--- Instructions to follow ---
Look through the entries below and copy exactly the part that begins with the line containing "Add a touch" and ends with the line containing "6月18日上午,人文与外国语". Do not copy the pictures.

--- Provided data ---
'''

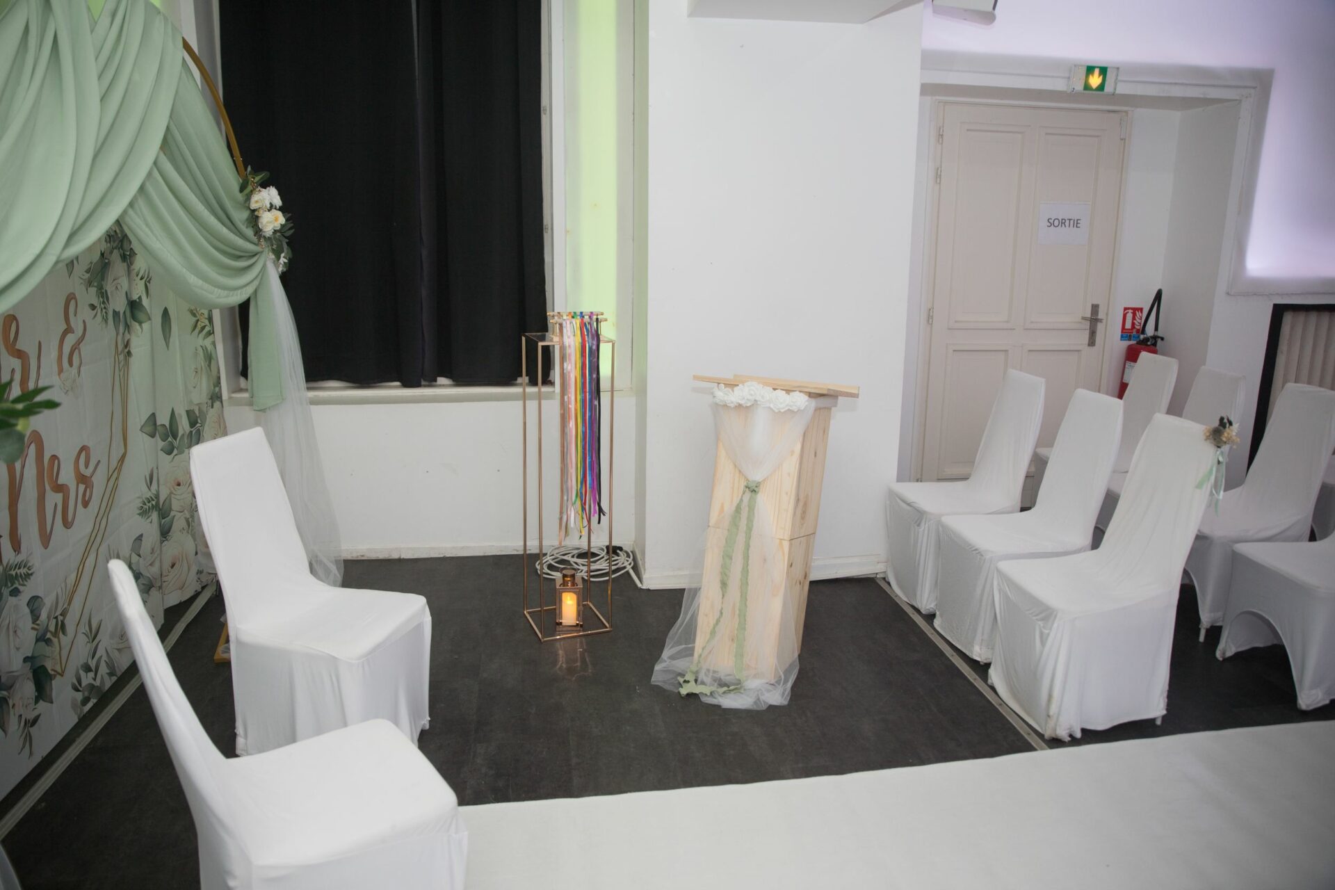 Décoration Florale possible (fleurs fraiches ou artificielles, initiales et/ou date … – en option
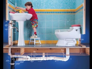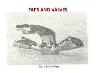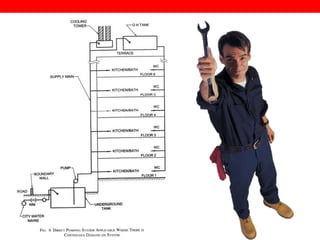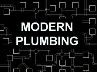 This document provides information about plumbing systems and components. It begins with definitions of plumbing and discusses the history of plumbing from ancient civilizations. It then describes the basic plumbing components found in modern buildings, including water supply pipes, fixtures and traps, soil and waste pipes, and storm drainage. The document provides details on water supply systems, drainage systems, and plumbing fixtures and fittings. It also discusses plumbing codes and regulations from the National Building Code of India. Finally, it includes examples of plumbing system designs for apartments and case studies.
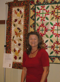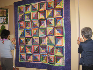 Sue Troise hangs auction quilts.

'''
'''

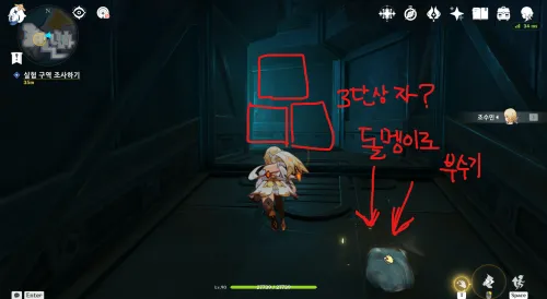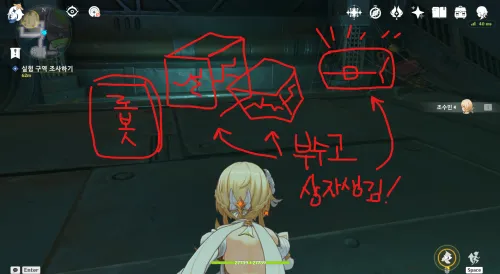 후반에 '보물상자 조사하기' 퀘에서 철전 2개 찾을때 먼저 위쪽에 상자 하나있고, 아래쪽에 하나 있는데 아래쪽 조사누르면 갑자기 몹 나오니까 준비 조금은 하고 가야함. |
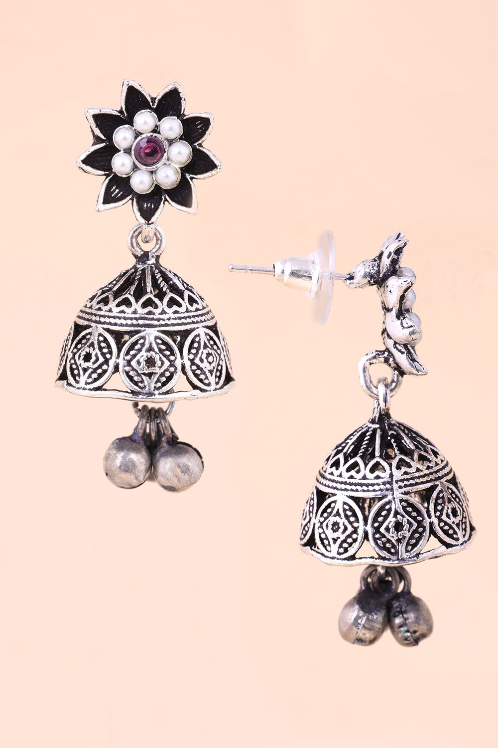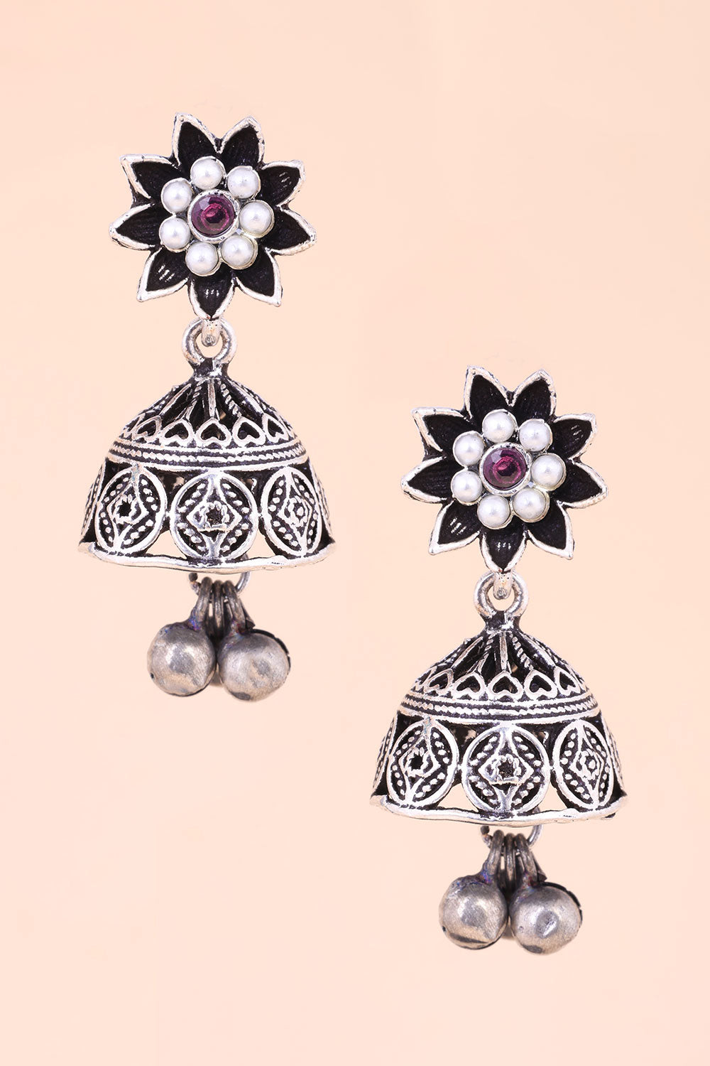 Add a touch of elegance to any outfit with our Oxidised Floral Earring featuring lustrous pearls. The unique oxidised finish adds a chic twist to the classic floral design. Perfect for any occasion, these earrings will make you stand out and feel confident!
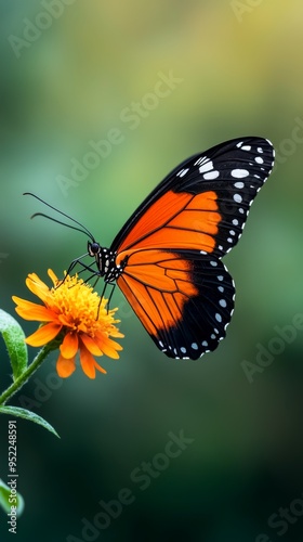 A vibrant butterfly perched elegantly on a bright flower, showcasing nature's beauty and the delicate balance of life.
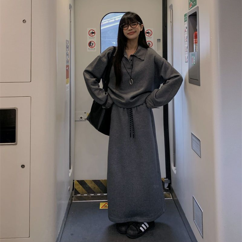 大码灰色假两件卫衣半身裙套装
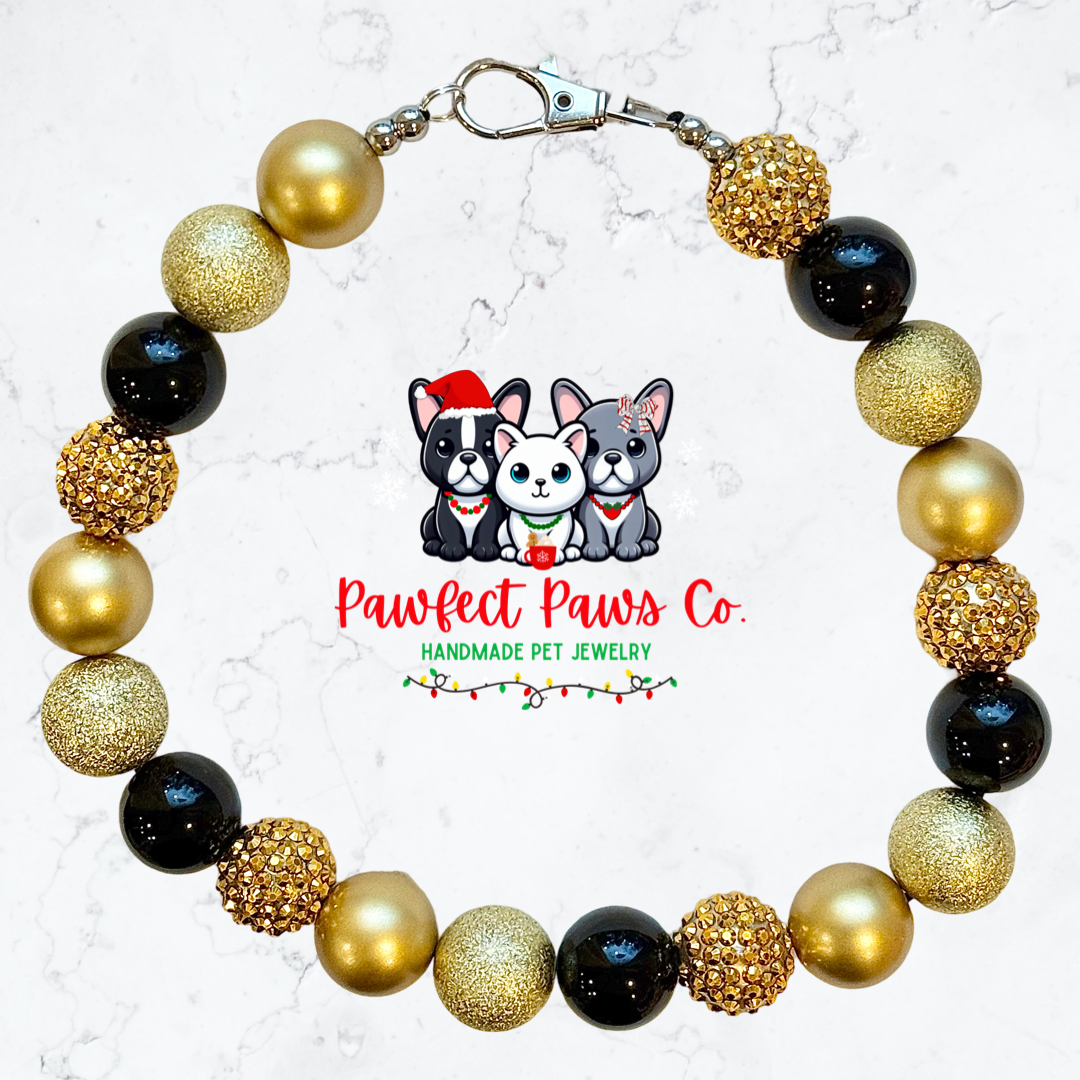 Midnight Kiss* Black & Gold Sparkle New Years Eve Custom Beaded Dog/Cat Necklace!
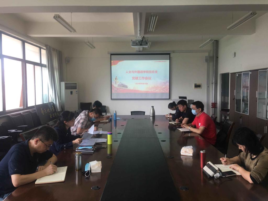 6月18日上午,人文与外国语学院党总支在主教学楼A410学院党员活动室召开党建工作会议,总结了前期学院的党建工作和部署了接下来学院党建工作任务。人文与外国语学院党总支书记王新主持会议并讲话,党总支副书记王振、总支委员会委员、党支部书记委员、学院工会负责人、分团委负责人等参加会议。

'''
'''

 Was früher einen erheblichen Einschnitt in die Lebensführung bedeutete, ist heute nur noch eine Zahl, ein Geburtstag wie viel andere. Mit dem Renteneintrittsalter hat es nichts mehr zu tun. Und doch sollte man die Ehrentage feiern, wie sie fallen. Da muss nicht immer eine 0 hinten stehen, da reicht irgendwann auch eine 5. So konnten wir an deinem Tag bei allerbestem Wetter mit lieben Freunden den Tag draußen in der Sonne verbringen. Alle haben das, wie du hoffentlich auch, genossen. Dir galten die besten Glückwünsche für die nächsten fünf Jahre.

'''

--- Answer area ---
 Add a touch of elegance to any outfit with our Oxidised Floral Earring featuring lustrous pearls. The unique oxidised finish adds a chic twist to the classic floral design. Perfect for any occasion, these earrings will make you stand out and feel confident!
 A vibrant butterfly perched elegantly on a bright flower, showcasing nature's beauty and the delicate balance of life.
 大码灰色假两件卫衣半身裙套装
 Midnight Kiss* Black & Gold Sparkle New Years Eve Custom Beaded Dog/Cat Necklace!
 6月18日上午,人文与外国语学院党总支在主教学楼A410学院党员活动室召开党建工作会议,总结了前期学院的党建工作和部署了接下来学院党建工作任务。人文与外国语学院党总支书记王新主持会议并讲话,党总支副书记王振、总支委员会委员、党支部书记委员、学院工会负责人、分团委负责人等参加会议。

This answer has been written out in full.